Two days before his court date, when he got home from Target, Corey found out his father had come to the house while he was at work. Gloria had told Leonard to stay out, he had tried to come in anyway, and Joan had blocked him at the door.
“He was surprised as hell to see me,” Joan said. “He was all like, ‘I should have known.’ I’m like, ‘Known what? That Gloria’s got friends besides a creep like you?’ Then he gets all crafty: ‘Joan, you know me from the old days. Let’s handle this like two adults’—blazzy, blazzy, blah. I’m like, ‘If you know me, then you know I’ll never let you in.’ When I wouldn’t let him in, he was fuckin’ ripshit. What’d you take from him anyway?”
“His pots and pans and knives. I threw them in the marsh.”
“Whatever it was, he wants it back pretty bad. You sure it wasn’t a diamond?”
“No! I wouldn’t steal from him.”
“I wouldn’t care if you pawned it down the block.”

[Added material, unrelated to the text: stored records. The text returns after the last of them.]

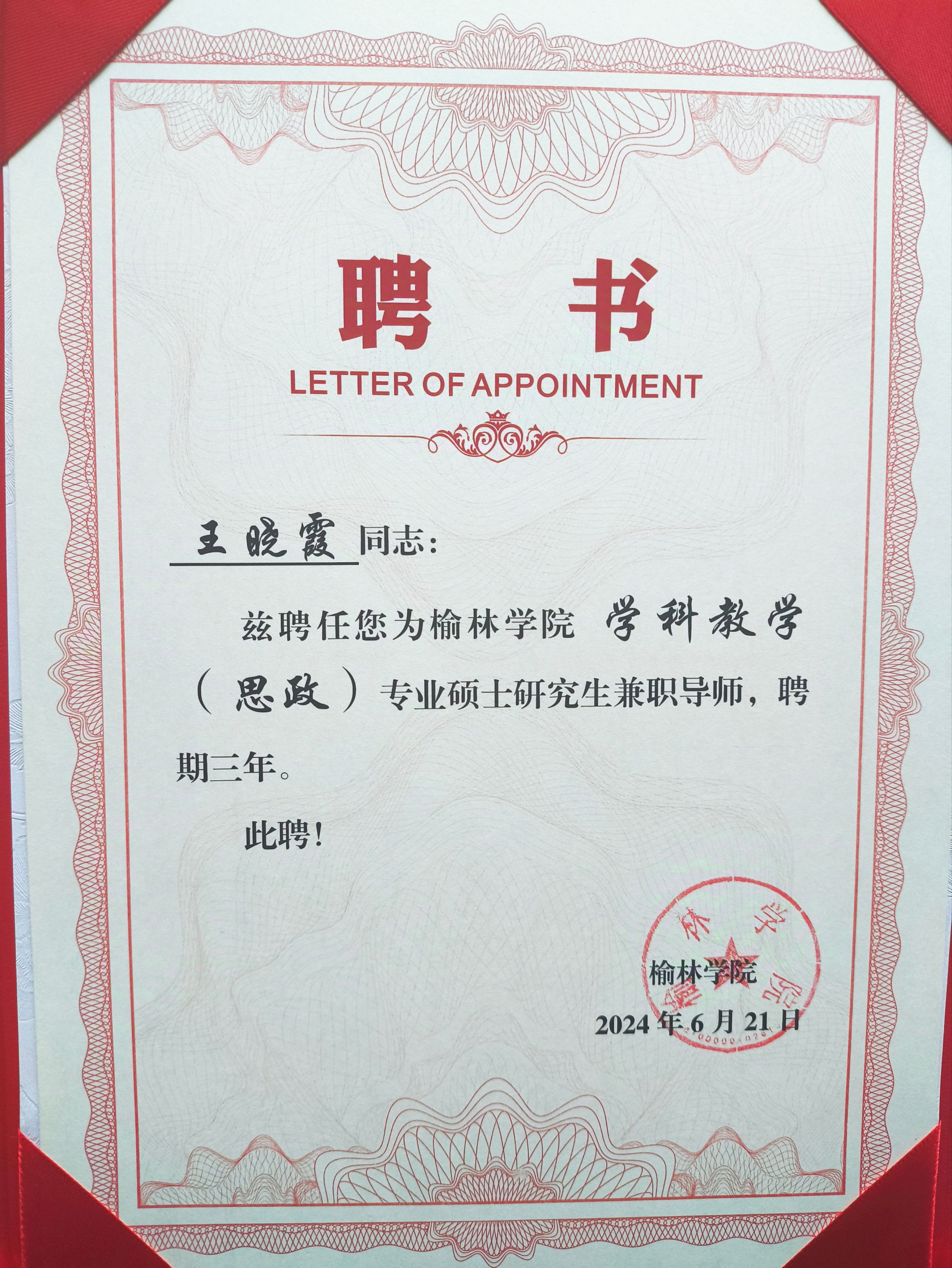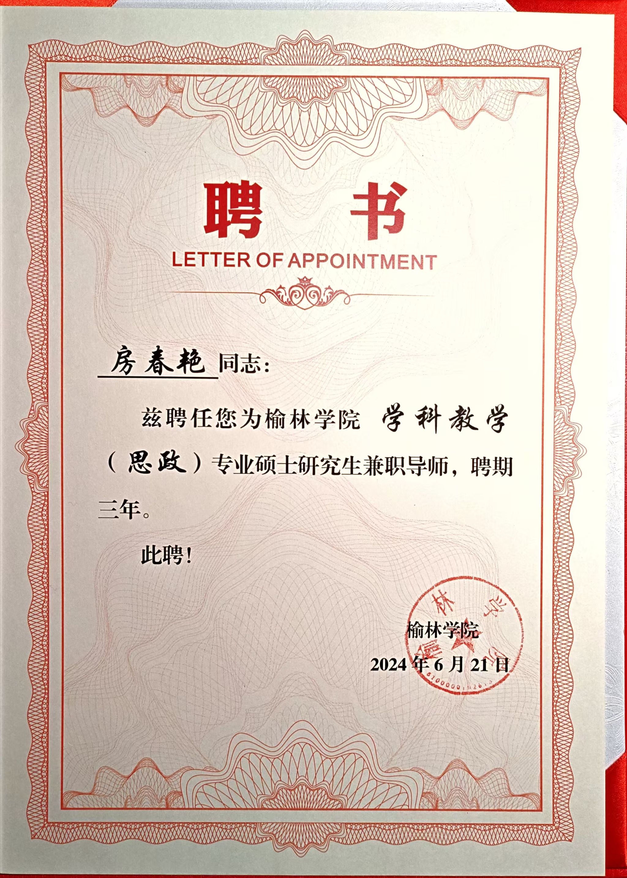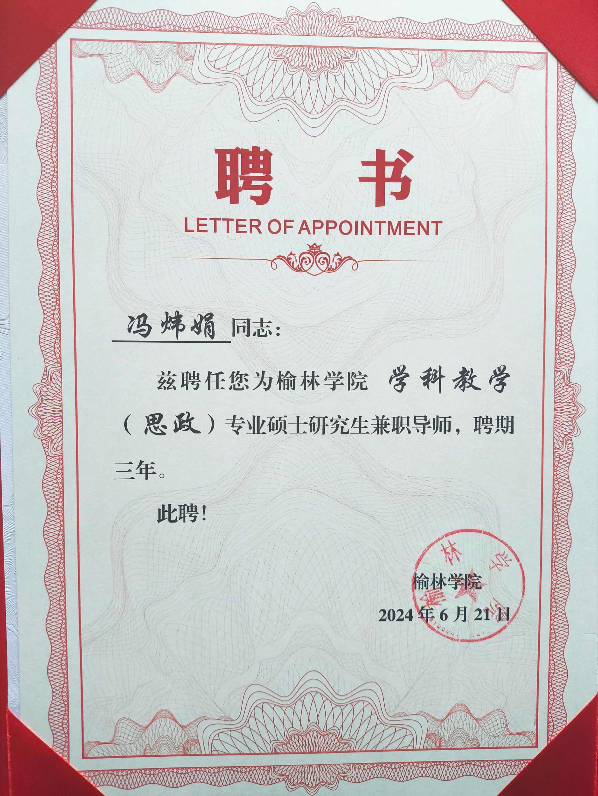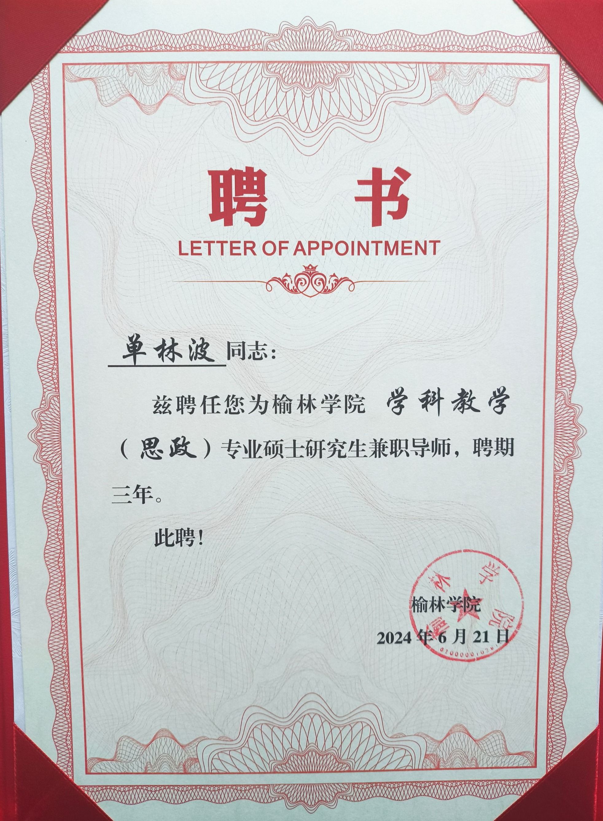 近日,接到榆林学院聘书,开元官网单林波、王晓霞、房春艳、冯炜娟四位老师成功获聘为榆林学院学科教学(思政)兼职硕士生导师。至此,马克思主义学院兼职硕士生导师达到五人,这是马克思主义学院在学科专业建设与人才培养方面取得的又一重要成果。
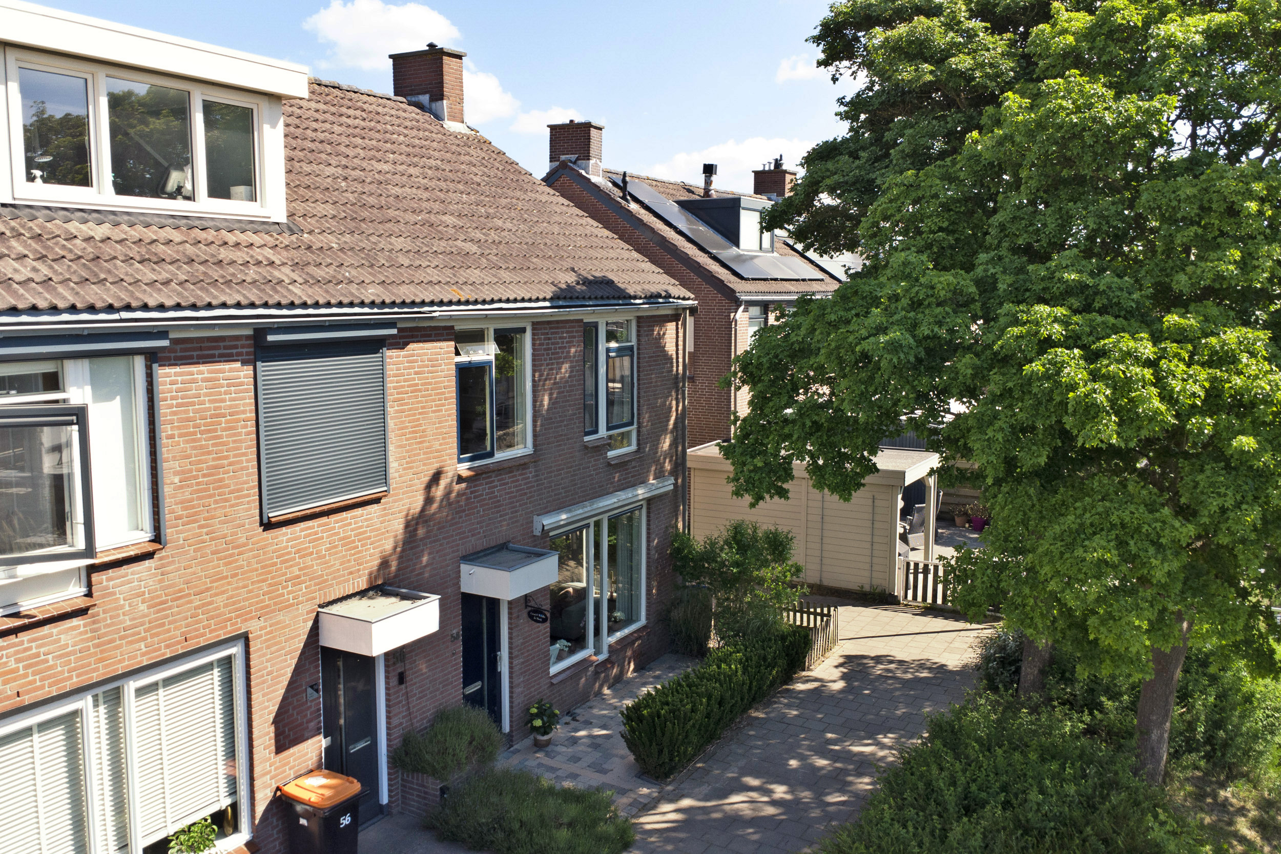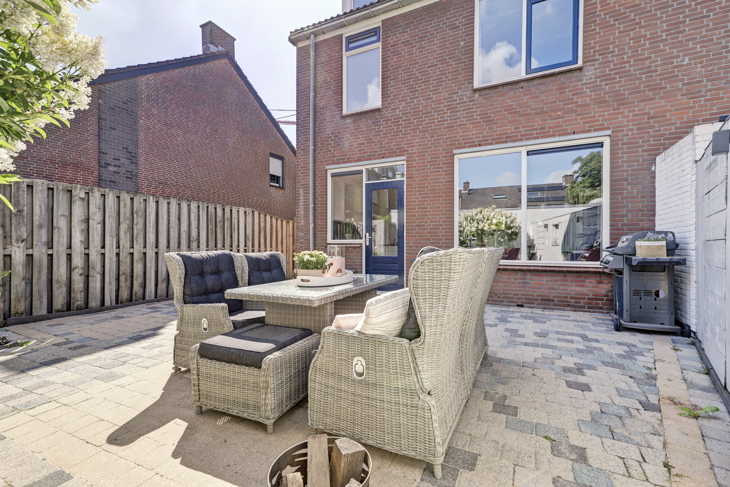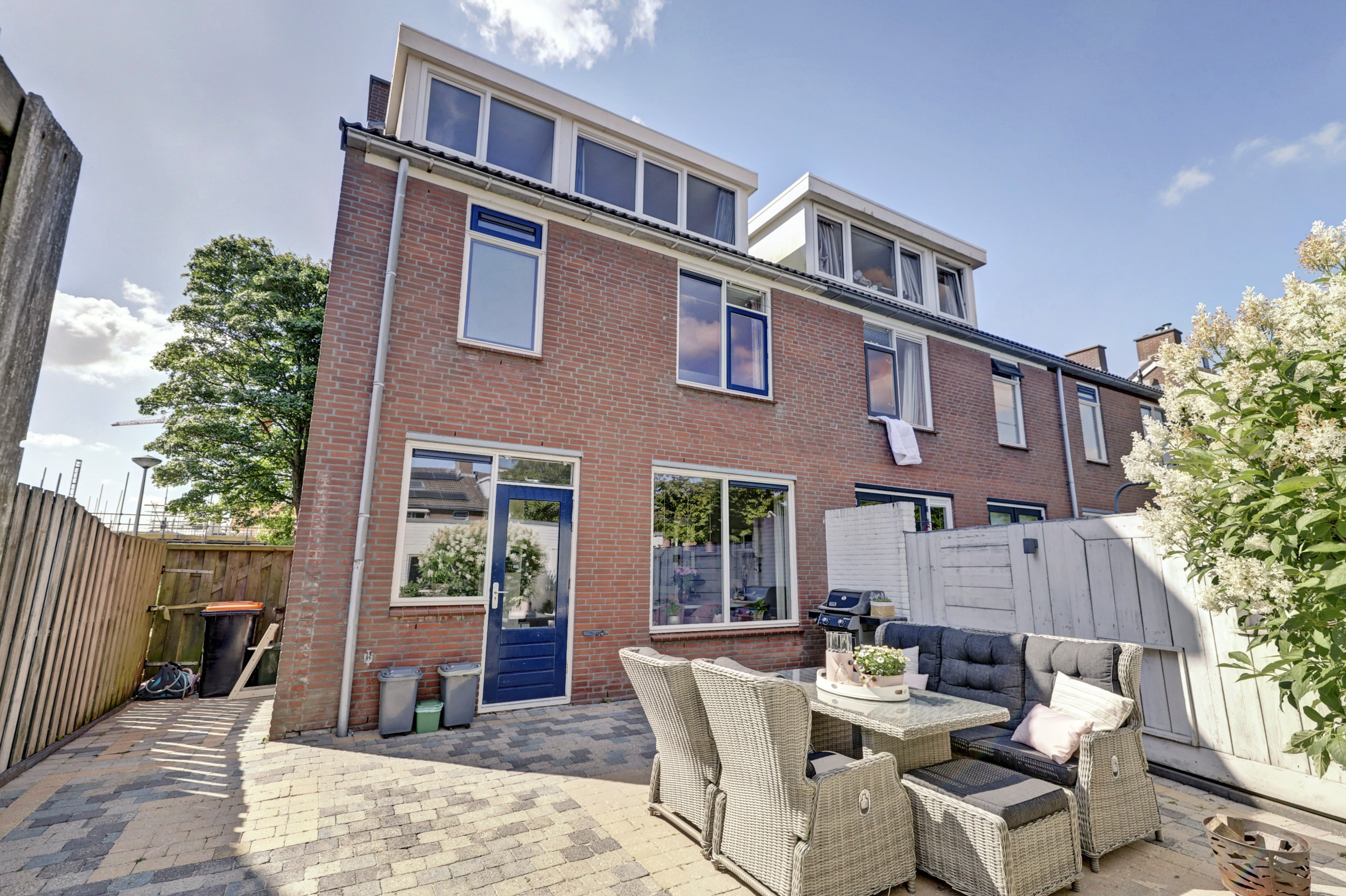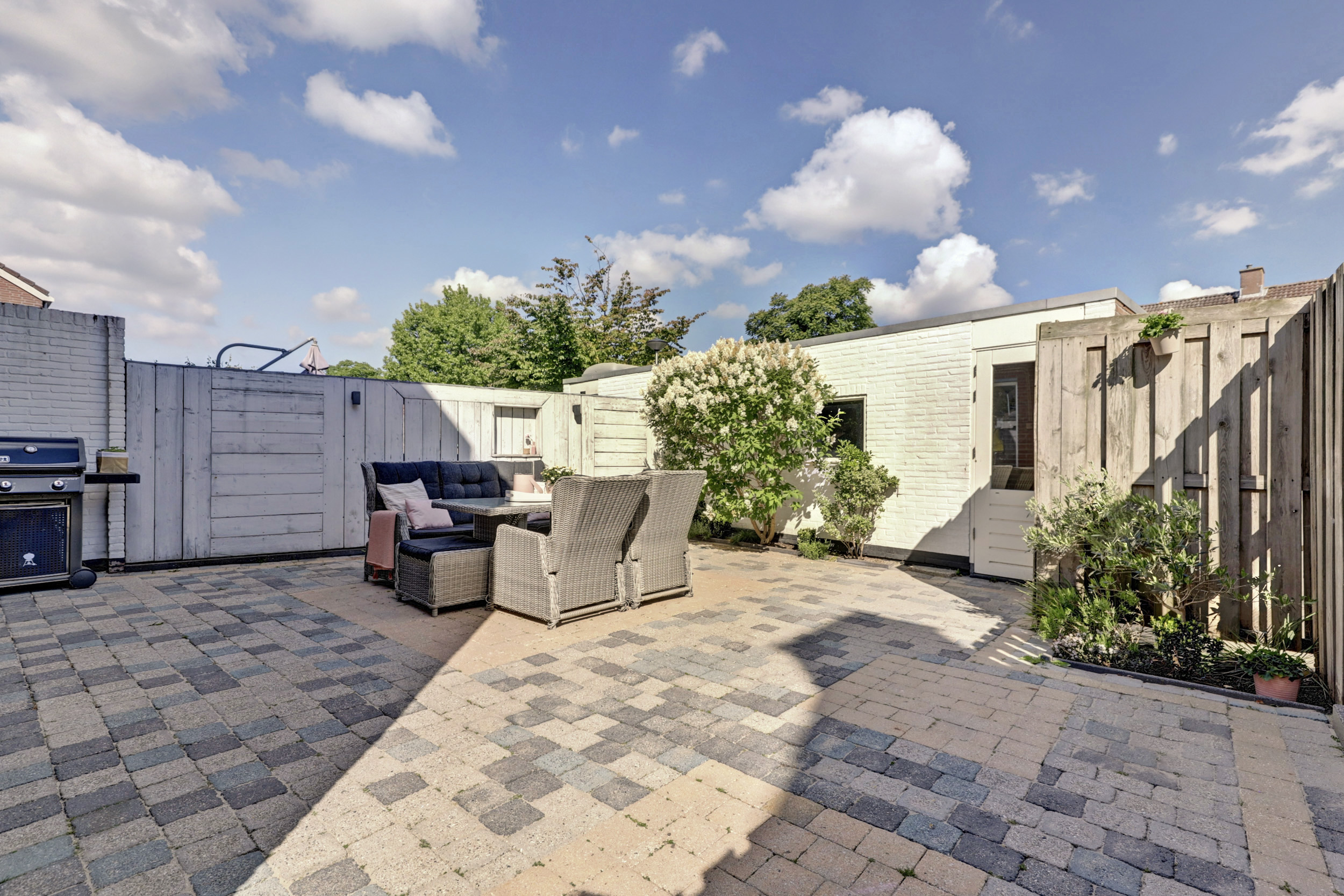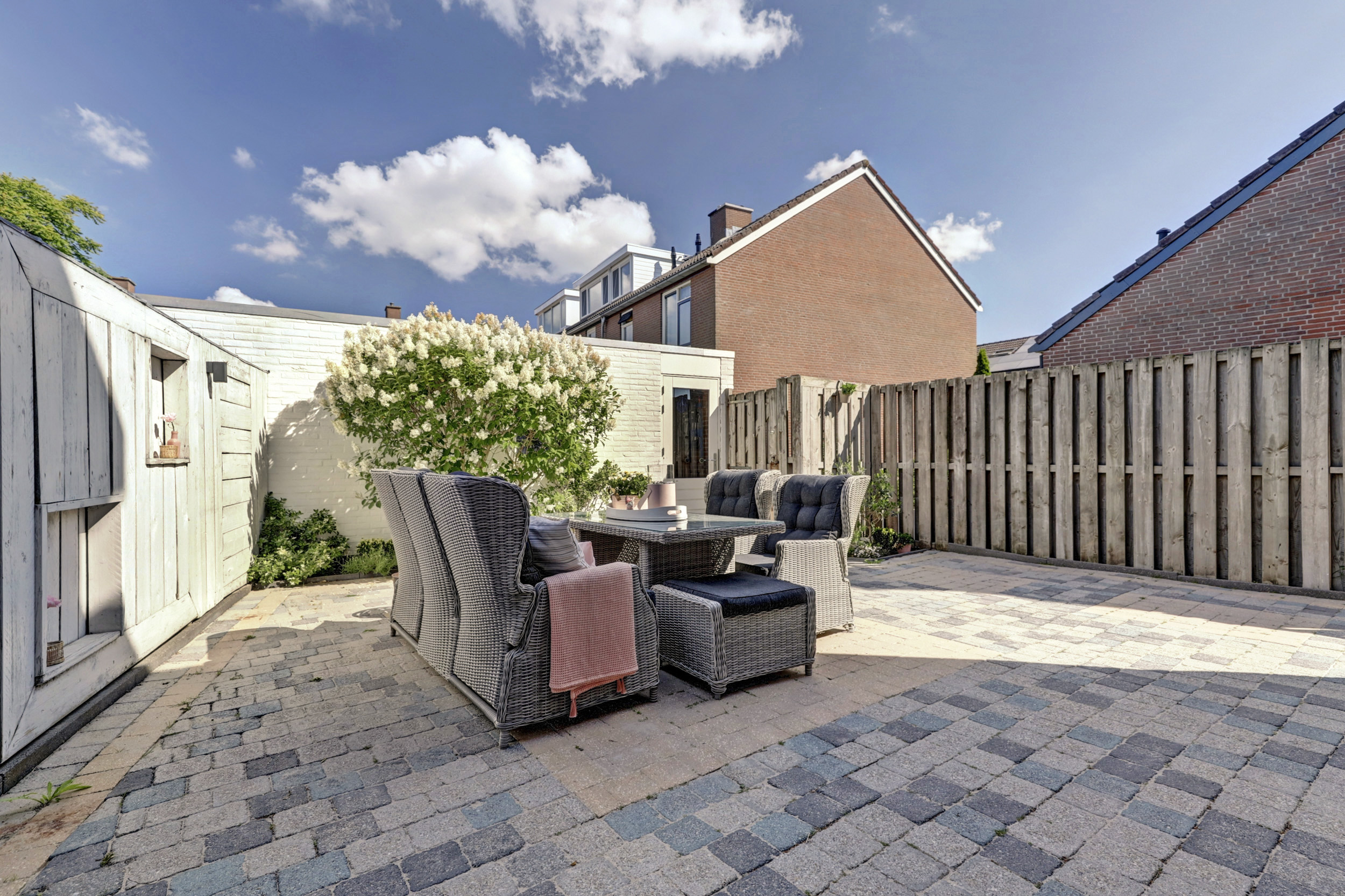 De zonnige achtertuin is volledig bestraat, wat zorgt voor een onderhoudsarme buitenruimte met volop mogelijkheden voor een loungehoek of eettafel. Achterin staat een stenen berging met elektra. Handig voor fietsen, gereedschap of tuinspullen. De tuin is daarnaast gemakkelijk bereikbaar via een achterom.
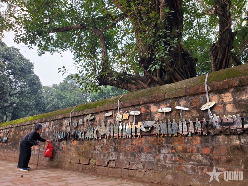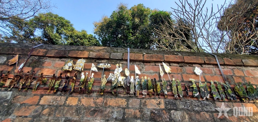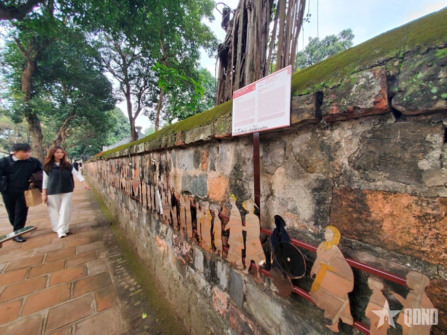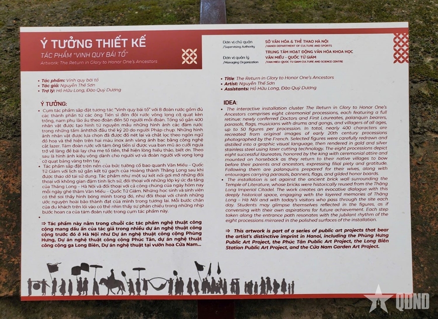 Được đặt trên nền tường gạch vồ cổ kính của Văn Miếu - Quốc Tử Giám - công trình gắn liền với truyền thống khoa bảng của dân tộc, tác phẩm “Vinh quy bái tổ” tạo nên một cuộc đối thoại đa chiều giữa quá khứ và hiện tại.
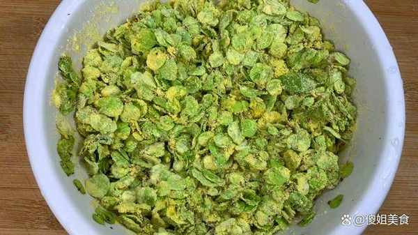 2、把榆錢放入大碗中,加少許的食用油,攪拌一下,鎖住榆錢的水分,也有利於裹住玉米面。然後再撒適量的玉米和少許的幹面粉,下手抓拌,粘裹均勻即可。

“I don’t want anything of his. If he had a diamond, I wouldn’t take it. All I wanted was a little justice for him throwing my mother on the floor. I tore up his uniforms. His handcuffs, his cop-stick-thing, his little cop bag—I threw all that shit out, plus his skillet, his fancy cooking knives. And I busted his car window a
nd his glasses.”
Joan remarked that this sounded like quite a lot of property.
There were different penalties under the law for property crimes, based on the value of the things involved.
“I won’t be facing a felony, will I?”
“Probably not. I’m sure they’d let you plead it down.”
* * *
—
On the morning of January 27, Corey reported to the Francis X. Bellotti courthouse. A handful of people were milling around the front steps. They were about the same people who hung around the T. An armed officer opened the door and told them to form a line. The line moved inside slowly, through a metal detector. They all went into the same courtroom.
The judge arrived, a rigidly decent woman in her fifties with glasses and a Boston accent, and the court began its day’s work. Corey showed his desk appearance ticket to a clerk, who told him to wait for his attorney.
Almost that same second, a man in a tan suit came in, looked around and asked, “Are you Corey Goltz? I’m Shay. I’m your defender.” He wore a red tie, his top button was undone, he had a sharp Adam’s apple, and he was carrying a briefcase. All of his curly sandy hair grew on the top of his head, as if his head were a flowerpot and his hair was the plant life coming out the top.
As Corey would discover, Shay was a hardworking, cocky but nice young jock who, over the course of his association with him, would mention going to the gym in every conversation they had; he was either going to or coming from—or regretting having missed—the gym that day. His sports had been basketball, baseball and hockey. For Corey, he would attain the same status as an Eddie. He was extremely diligent. Eventually, he would visit Corey’s home and become a true ally after meeting Gloria and seeing her condition. He would try to file a counterclaim against Leonard for domestic abuse.